Financial Advisor, CFP® Partner

In And About The Office

Spring / Summer 2013

AFP welcomes Brett Campbell as a Partner

 

Effective January 2013, Brett officially became an equity partner at Adams Financial Partners, Inc. We are grateful for his many years of dedicated service and tremendous experience that he brings to the ownership team. Brett, his wife Lindsay, and his three children Blair, Brody, and Barrett are a wonderful part of the AFP family. We hope that all of our clients get to meet and interact with Brett in the future.

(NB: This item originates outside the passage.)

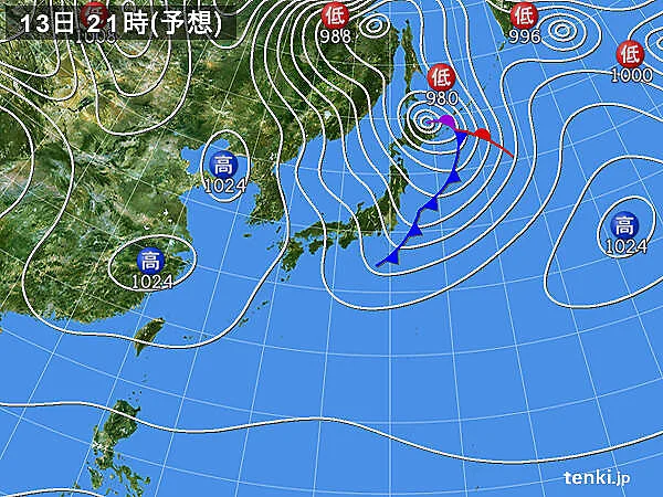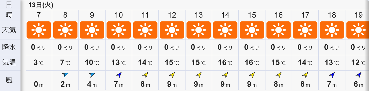 今日の天気は晴れの予報。今朝は冷たい北風が吹き冷えた朝ですが、西高東低の気圧配置が今夜に掛け発達し、その影響でこれから南西風が強まる予想です。
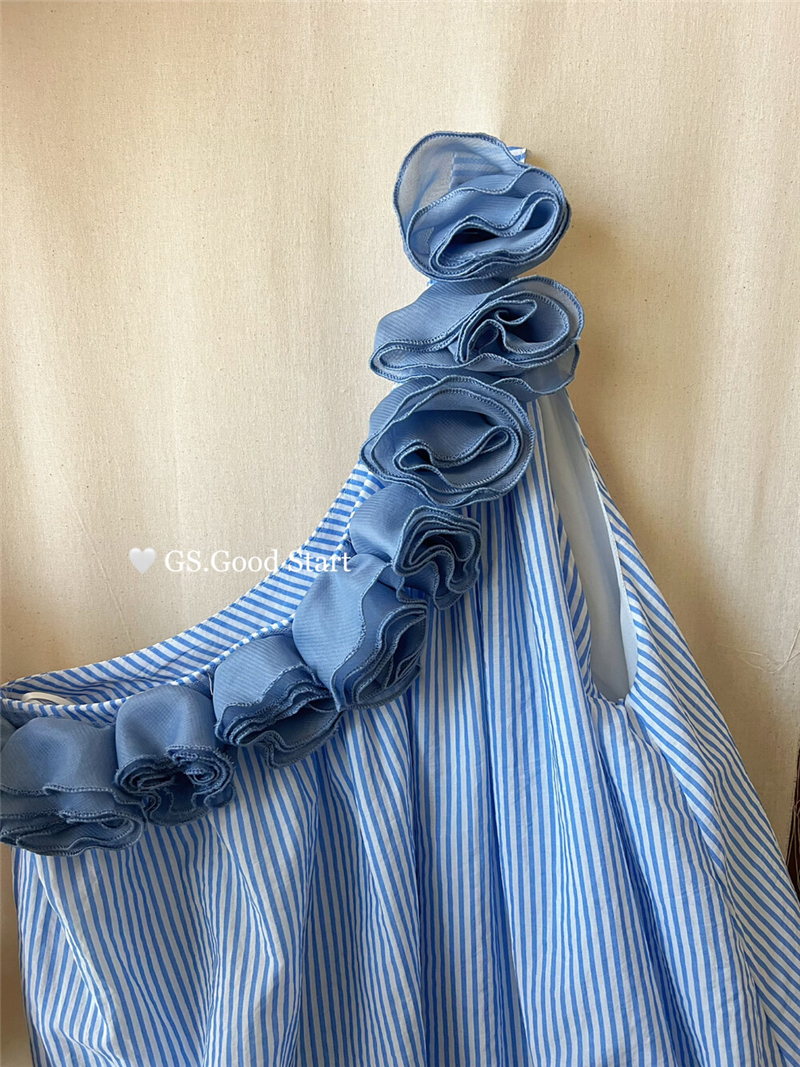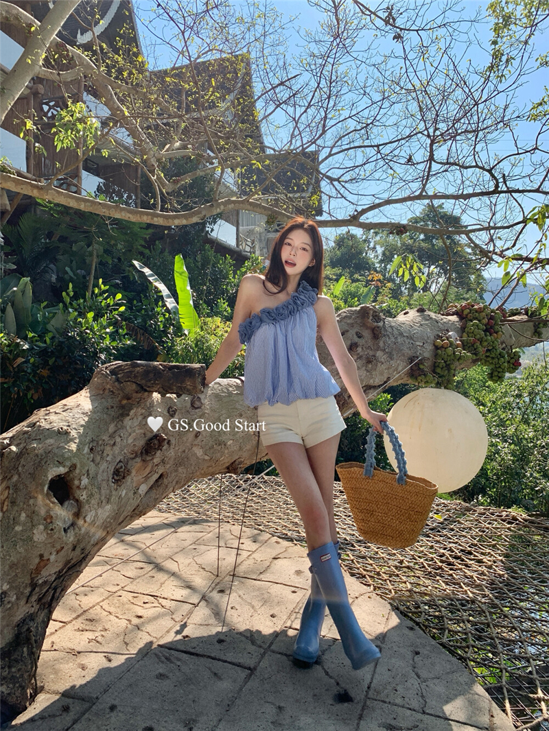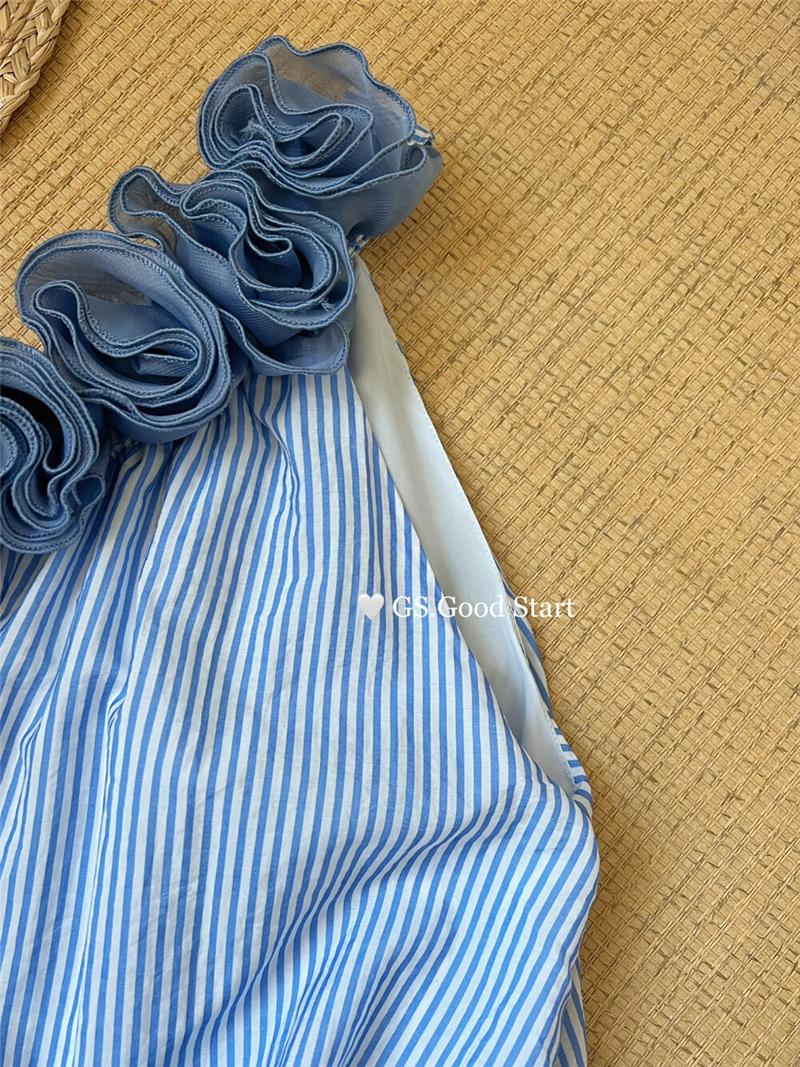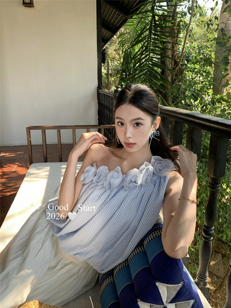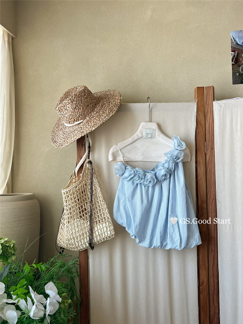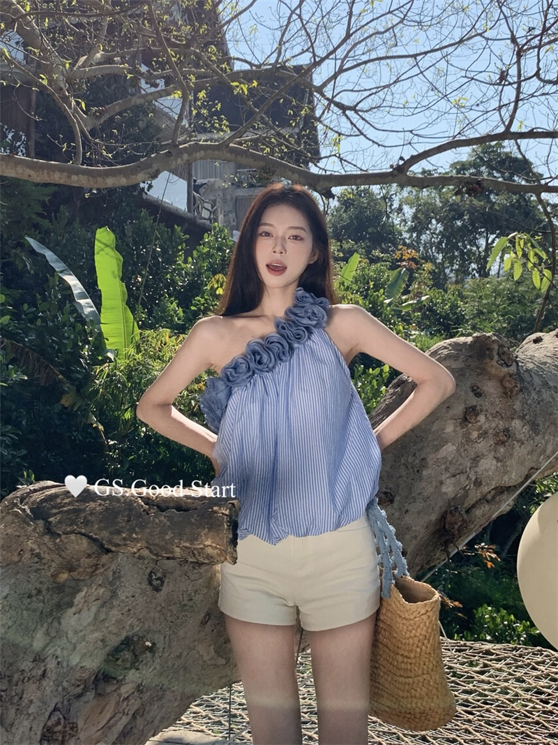 중국 전나무 숲 장미 있으라. 추적 묻기 봄 여름 프랑스식 낭만주의 3 차원 꽃 비스듬한 어깨 휴가 바람 스트라이프 작은 셔츠

Name Change, But Business As Usual

 

Also in January 2013, Financial Network Investment Corporation changed their name to Cetera Advisor Networks, LLC. This is the Registered Broker/Dealer and Registered Investment Advisor that many of our advisors are registered with in order to execute trades, or solicit investments. We view their name change as essentially a marketing change as Cetera has owned FNIC for several years as well as other B/Ds. By renaming all of these as something associated with the name Cetera, it helps with visibility in the B/D community. We don’t see this as having any effect on our work here at Adams Financial.

In The Market

Since the time of our last newsletter, the headline events of the U.S. election and fiscal cliff have come and gone and the S&P 500 has set a fresh five-year high. Returns for the S&P 500 finished 2012 with a gain of 16% including dividends, and through January of 2013, the index has returned just north of 5%.

 

Domestic economic data shows an economy that is growing, albeit slowly, as we have seen positive employment numbers, strengthening consumer confidence, and the ISM manufacturing index expanding in January.

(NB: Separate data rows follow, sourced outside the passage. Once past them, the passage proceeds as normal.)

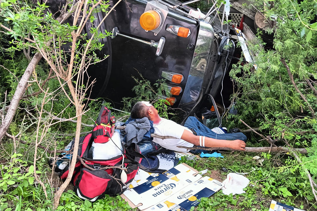 Elementos de Protección Civil procedieron a descender encontrando una persona de sexo masculino que únicamente pudo identificarse como Vicente de 58 años de edad, el cual se encontraba en el interior del tracto camión.
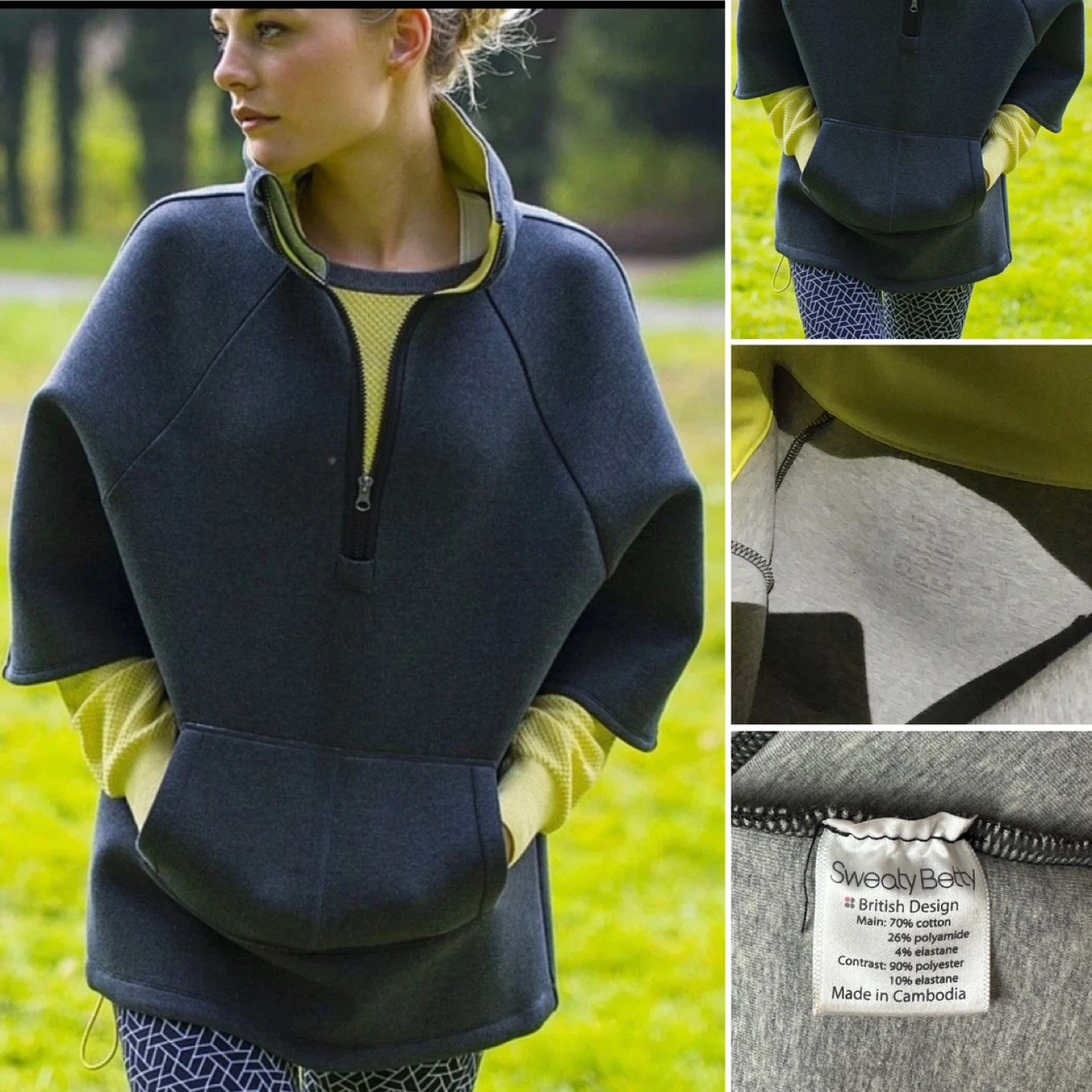 Sweaty Betty Uplift Luxe Cape Top (Small) - Grey with Neon Accent, Oversized Fit
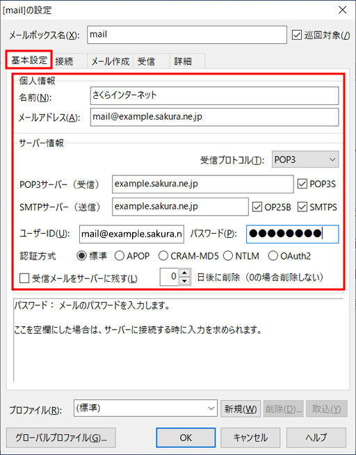 3「 メールボックスの設定 」画面で『 基本設定 』タブを選択し、以下の項目を入力します。
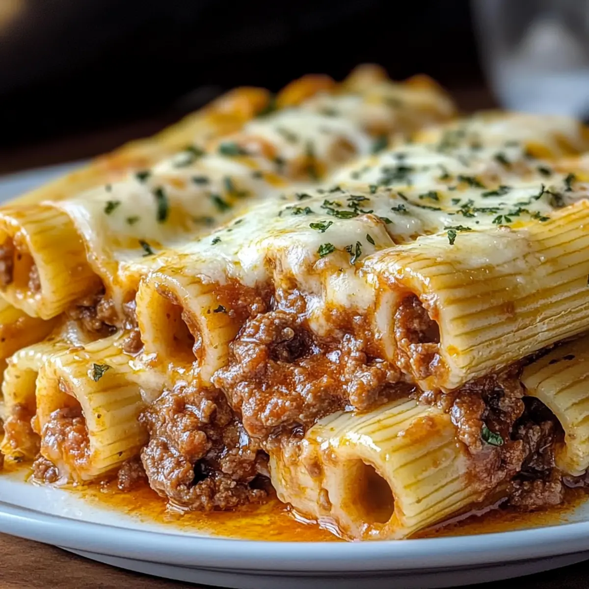 - Stuff the Rigatoni: Preheat oven to 375°F (190°C). Stuff each rigatoni with the beef ragu mixture and arrange in a greased baking dish.

Fears from Europe have started to subside but the continents problems are far from over. Progress is being made but it will be a long, slow recovery and volatility should be expected.

 

Recently, interest rates have started to move higher, with the 10-year treasury yielding 1.98%. Finding yield in the bond market continues to be difficult but the potential for rising rates is increasing. We feel that this is a significant risk that is not accounted for by most investors.

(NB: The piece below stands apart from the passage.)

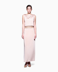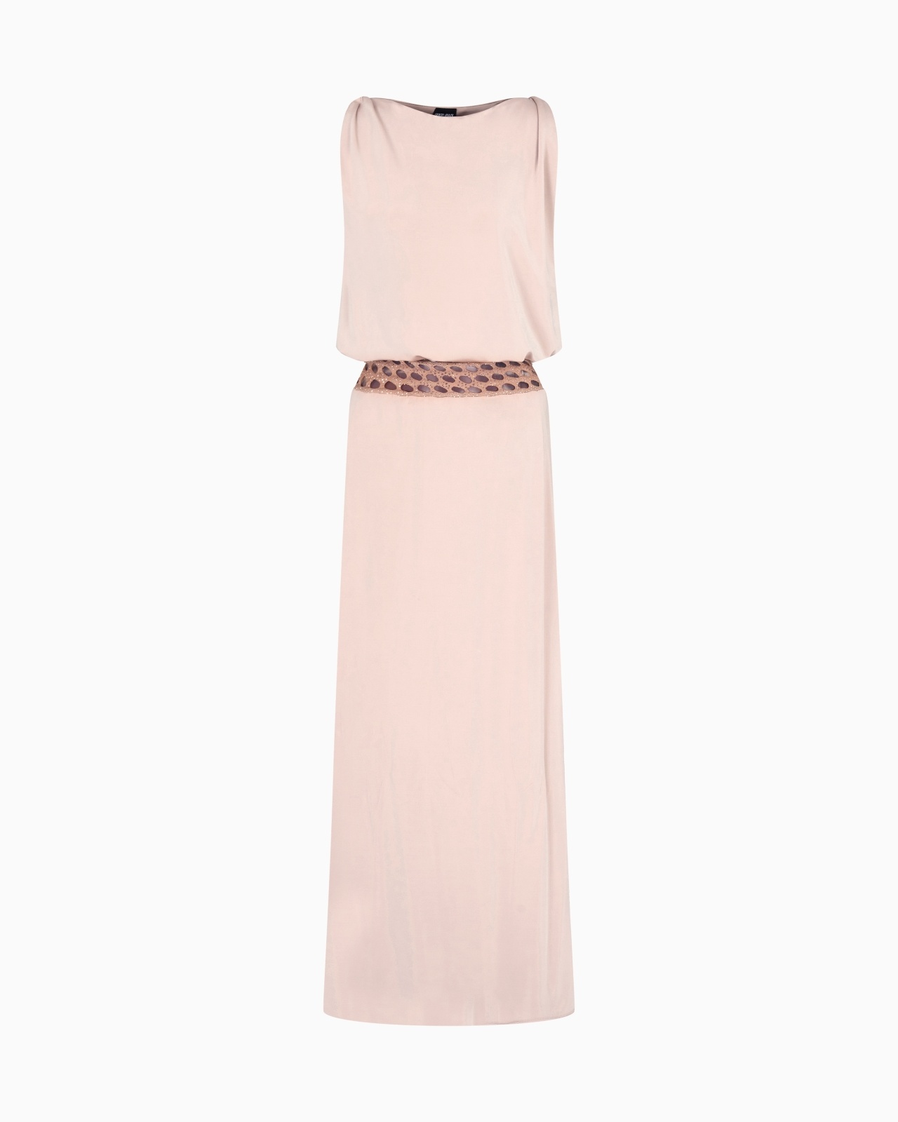 Long dress made of shiny viscose jersey, featuring a relaxed, slinky line. The sleeveless style features a bodice with an oval neckline, balloon tuck at the waist and straight skirt; the applied belt detail creates an embroidered and semi-transparent effect, elegantly highlighting the waist. A sophisticated offering that adorns the feminine silhouette without constraint, perfect for accompanying looks suitable for different occasions. Oval neckline Sleeveless design Balloon-fit bodice to the waist Embroidered belt detail Straight skirt draped at the hem Unlined Length: 110 cm Made in Italy Product Code: GW001049AF15530U6071

The fiscal cliff discussion will start again in the coming weeks so the political bantering could lead to an increase in volatility. We will continue to keep you up-to-date with our views and please do not hesitate to call your advisor if you have any questions.

Jason Shore

Partner, Advisor

Do You A Time Bomb?

There is much talk these days about life insurance policies at risk to lapse? When it comes to having a sound financial plan, there are few items more important than ensuring that your loved ones will be in good financial shape should you unexpectedly pass away. However, the topic is often avoided because it elicits undesirable emotions. We don’t like to think about the death of a loved one and nobody wants to spend an evening with an insurance agent discussing life insurance. Because of these components, most people never review their life insurance policy, but it should not be something you buy and forget about. Here is one example of why you should have your policies reviewed:

 

 

We have reviewed several polices lately that were destined to lapse and the client had no idea, and even worse, did not know it was possible for them to lapse.

 

Many variable rate policies were sold in the 80’s and 90’s when interest rates on cash values were higher. These polices were designed with the assumption that those interest rates would continue. They have not. As a result, the cash value did not grow to cover the increasing cost of insurance as the insured gets older. Eventually, there is not enough cash value in the policy to pay for the cost of insurance and these policies will lapse, even though you have never missed a premium payment.

 

Bottom Line: Whatever type of insurance you have (Whole Life, Universal Life, Term, etc.), I suggest you have a periodic review of policies with your financial advisor.

 

At the very least, you should revisit your policies whenever there is a significant life event, such as the birth of a child or the purchase of a new home. We view life insurance as one of many tools available to achieve your financial goals. While it is not our primary focus, our advisors are licensed in North Carolina (and several other states).